Celui qui régnera par l’épée périra par l’épée… Hier, Ousmane Sonko s’est montré passablement irrité, avec un discours menaçant, comme s’il ne portait pas ce grand boubou de Premier ministre. Voilà pourtant quelqu’un qui a tout pour être heureux, il a obtenu tout ce pourquoi il se battait. Ou presque ! Il a dégagé le «Système», gagné la Présidentielle en faisant largement élire son candidat, obtenu la majorité à l’Assemblée, ce qui lui permet de gouverner tranquillement. De plus, il est devenu super chef du gouvernement, avec des pouvoirs illimités. Manifestement, il n’est pas heureux. Pourquoi ? Allez savoir !
Car il est resté en 2021 et n’a pas réussi à mettre à jour son logiciel en étant au pouvoir, avec cette volonté de vouloir proroger ce «Mortal Kombat» ou ce «Gatsa Gatsa» qui l’a rendu si célèbre. Raboter les libertés ou mettre au pas les personnes critiques. En vérité, c’est un plan suffisamment planifié depuis le début de cette nouvelle alternance. Le 26 septembre dernier, il avait estimé que le débat sur les finances publiques devrait relever de la sécurité nationale. Lors de sa rencontre avec les organisations syndicales, le Premier ministre avait avancé que les pays asiatiques, qui se sont développés, avaient à un moment donné mis entre parenthèses certaines libertés. Même s’il ne remettait pas en cause la liberté d’expression, tentait-il de relativiser. Bien sûr, il faut se rendre compte que sa sortie d’hier est dans le même ordre d’idées. Il lui faudra alors bâtir des prisons pour concrétiser cette tentation totalitaire et cette ambition de construire un rideau de fer dans les esprits, pour soumettre les critiques. Chroniqueurs, voix indépendantes et journalistes, l’ombre de Pastef est sur vous ! Si Sarkozy avait parlé de passer les manifestants au Karcher, Sonko utilise le mot «effacer» ceux qui, selon lui, portent par procuration le combat des opposants, afin qu’ils sortent du bois. Ce champ lexical montre toute l’énergie qu’il entend déployer pour gagner ce pari.
C’est le temps de la chienlit qui s’annonce, pour un pays en ruines. Pour les médias, cela ne doit pas être une surprise. Le plan de liquidation assumé a été amorcé dès les premières heures du nouveau régime. On se souvient que les premières mesures «primatoriales» ont touché d’abord les entreprises de presse, avant même que l’Etat ne se penche sur les urgences des Sénégalais. C’est le Premier ministre, himself, qui a annoncé la fin des conventions qui les liaient aux structures publiques. Jusqu’ici, les créances ont été gelées par l’Administration. Sans oublier les Atd et la subvention à la presse confisquée. Il ne leur reste que cette liberté que le régime voudrait remettre en cause, comme si le 2 avril 2024 était l’année zéro de la liberté d’expression au Sénégal. Or, Pastef, dans l’opposition, a parrainé des «chroniqueurs», des «journalistes», et fondé un média de propagande dont certains responsables assument désormais des positions stratégiques au cœur de l’appareil étatique.

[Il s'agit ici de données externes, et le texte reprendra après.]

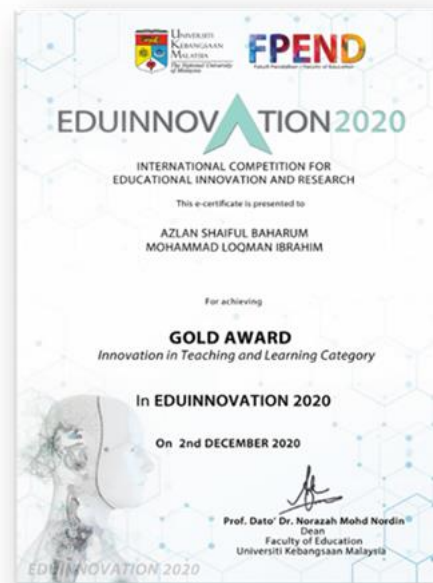
Gambar 7. Pengiktirafan di pertandingan inovasi yang berkaitan dengan modul yang dibangunkan

Aujourd’hui, il reste aux médias et aux personnes épris de libertés, à s’ériger en boucliers contre les graves menaces sur les libertés publiques et individuelles judiciarisées et politisées, pour arrêter cette Opa hostile décrétée par le pouvoir de Pastef. Il s’agit de principes non négociables, exercés dans la responsabilité. Cela devrait relever même de l’atavisme, car ce pays n’est pas un avatar de la dictature, mais une Nation libre. Il est grand temps de se lever pour contenir les dérives dangereuses sur le présent et l’avenir du Sénégal.

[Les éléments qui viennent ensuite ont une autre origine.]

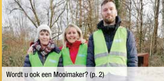
Wordt u ook een Mooimaker? (p. 2)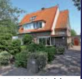
Koningin Wilhelminaweg 249, Groenekan Helft van dubbel woonhuis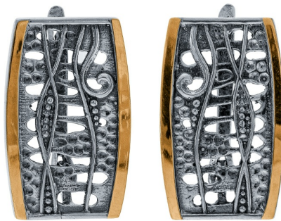
עגילי כסף בשילוב זהב 56.00 $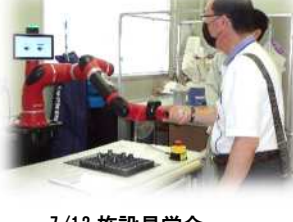
7/12 施設見学会 山形県工業技術センター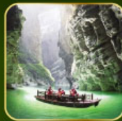
สวน Alice's Garden ล่องเรือแม่น้ำไต้ดินกูฮิว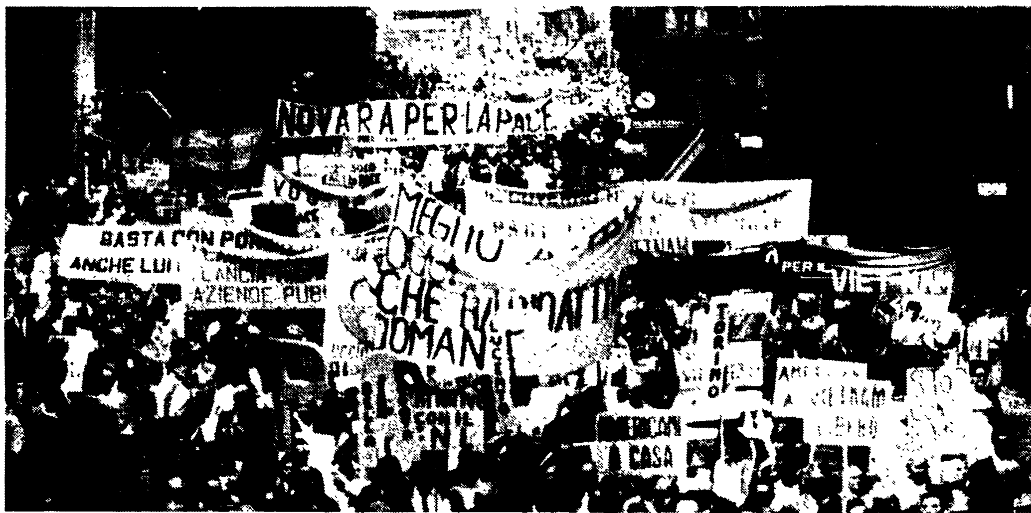
MILANO - Un momento del grandioso corteo mentre percorre corso Venezia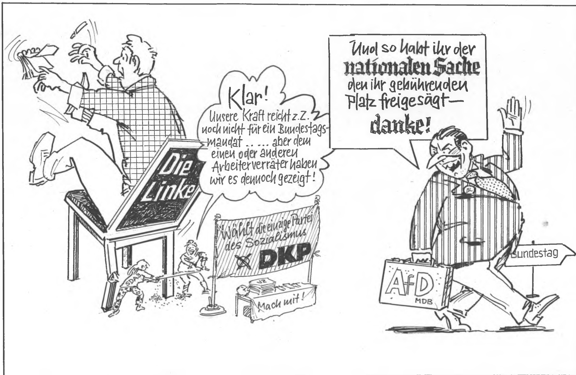
Flächendeckende Eigenkandidatur der DKP bei der Buta-Wahl 2017, damit das Proletariat für den Sozialismus stimmen kann

De toute façon, ce pays est trop grand pour succomber à cette tentation. Sonko est un homme très puissant, mais il n’a pas façonné ce Sénégal pour qu’il soit son miroir, le reflet de ses propres désirs. Le Sénégal lui survivra, même si son horizon de 2050 semble trop loin pour accepter que cette menace chimérique de destruction, sous nos yeux, de nos acquis démocratiques se concrétise dans notre pays. C’est l’essence même de son existence.